When filmmaker Carol Morley read about Joyce's death in the newspaper, she was shocked that the article revealed nothing about Joyce's life. It didn't even include a photo! Curious, Morley met with councillors and journalists in the Wood Green area but failed to find the answers she sought. Subsequently, Morley ran ads in newspapers and on taxis seeking Joyce's friends, family and acquaintances, hoping to cobble together their testimonies and piece together Joyce's life preceding her lonely death. Dreams of a Life is the product of Morley's hard work. An achingly poignant docudrama, the film comprises interviews with people connected to Joyce, who talk about her at great length. Morley intersperses the interviews with staged reconstructions featuring actor Zawe Ashton playing Joyce. Through the picture, Morley sets out to build a portrait of this woman, and she asks several provocative questions about sexual politics and the society that let Joyce down.
In the 21st Century, living off the grid is practically impossible. Cameras watch almost everything we do, we have rent and bills to pay, we (should) keep in constant contact with numerous people close to us, and so on. It's unthinkable that such a vibrant young woman as Joyce could go missing for almost three years without anybody realising. Any one of us would be heartbroken if we were deemed so expendable that nobody would notice our death, but as Morley digs deeper into the mystery, heart-wrenching testimonies explain that Joyce may need to shoulder some of the blame. She was not antisocial, but she was somewhat of a difficult person, moving from place to place without notice, ignoring calls from her family, and pushing people away from her, to the extent that her friends simply assumed she was off having a better life than them when she was, in fact, lying dead in her bedsit. It's a heartbreaking story, and it is all the more poignant as everything comes into focus.

The dramatic reenactments of Joyce's life add exceptional dimension and power to the picture. Morley does not stage the type of cheesy reconstruction scenes one sees in crime shows, nor does she show images of Joyce's decomposing skeleton or anything similarly morbid. Instead, the reenactments display tasteful imagination and interpretation, underscoring accounts of the person that Joyce was before her premature death. As played by Ashton, Joyce is brought back to life as a vibrant, bubbly and popular woman full of warmth and exuberance, yet certain scenes convey that Joyce was ultimately an enigma, as emphasised by the often contradictory accounts from Morley's interviewees. Joyce was also a budding singer, and Morley was able to dig up some of the very few recordings she left behind. When played, these recordings send a chill down your spine.
Morley's primary focus is on the extreme isolation of the documentary's heroine. Dreams of a Life is, at its core, a searing celluloid poem about loneliness; more specifically, it's about the type of loneliness that occurs in a large city.
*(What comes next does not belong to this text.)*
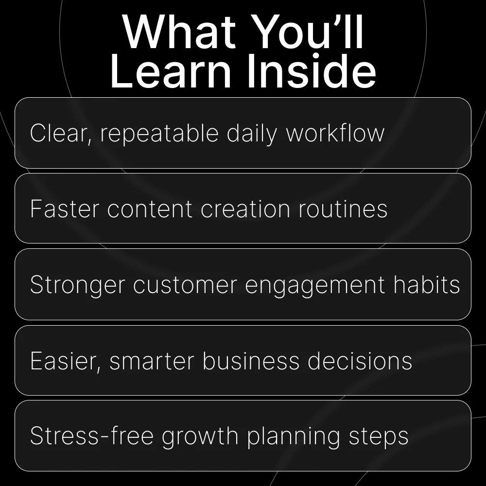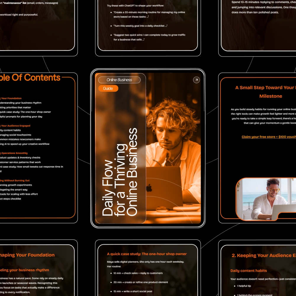 Unlike generic productivity PDFs, this guide is specifically designed around the real daily tasks for running an online business. It combines strategic planning with practical examples, smart AI shortcuts, and tiny-but-powerful improvements you can apply immediately. It’s actionable, beginner-friendly, and built to help you thrive—not hustle aimlessly.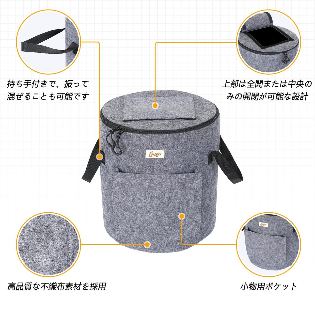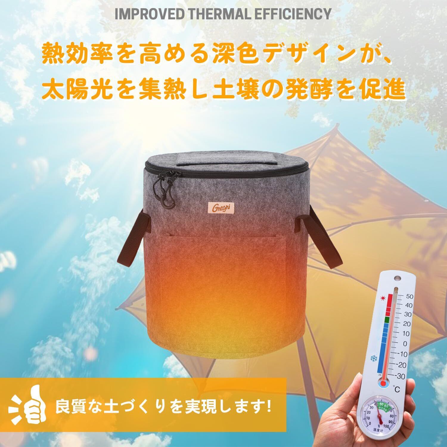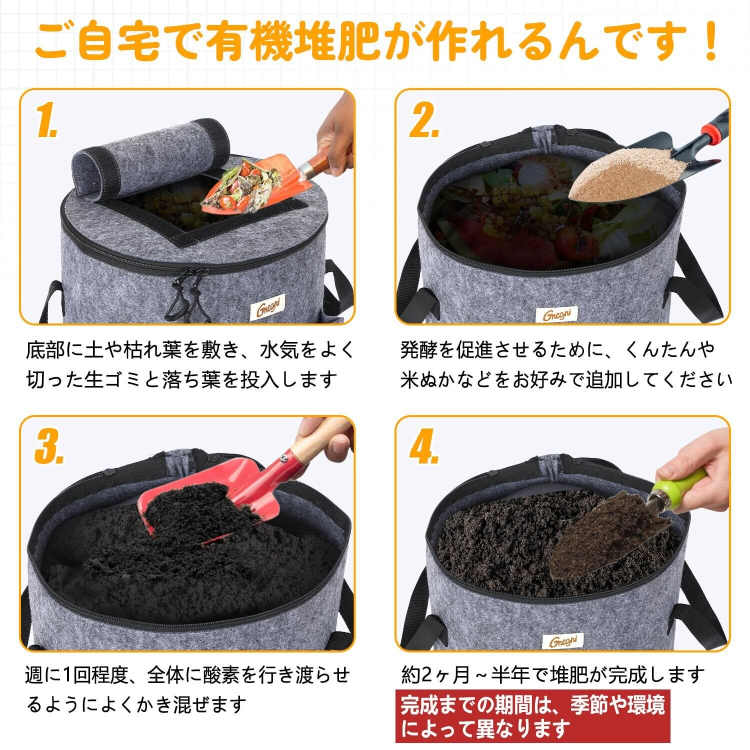 【不織布のメリット】通気性&排水性で臭わずラクチン ・厚手不織布が余分な水分を自動排出、カビや嫌な臭いを大幅軽減 ・プラスチック製より発酵が早く進む(比較実験で約20%短縮※データあれば記載) ・スコップでかき混ぜても破れにくい耐久性

London is often considered a bustling metropolis, yet Morley paints a vision of London as an emotional wasteland where singles live unhappy lives in small flats. Dreams of a Life falls short of perfection, however. Joyce's sisters declined interviews, and their absence leaves a significant hole with a lot of untapped potential. It's unclear why they refused involvement, and this aspect remains a huge question mark. It would've been interesting to at least hear how Morley approached them and their reasons for not wanting to present on-camera testimonies.

We'll never know if Dreams of a Life represents a fair portrait of this enigmatic woman, but Joyce is undeniably immortalised through Carol Morley's investigation. One must wonder how many other people exist under similar circumstances. Dreams of a Life is a painful film, yet it's startlingly brilliant, overwhelmingly powerful and very moving. It's a Christmas film with no uplifting message, and it is a documentary of our time that explores our fractured modern society and examines extreme isolation.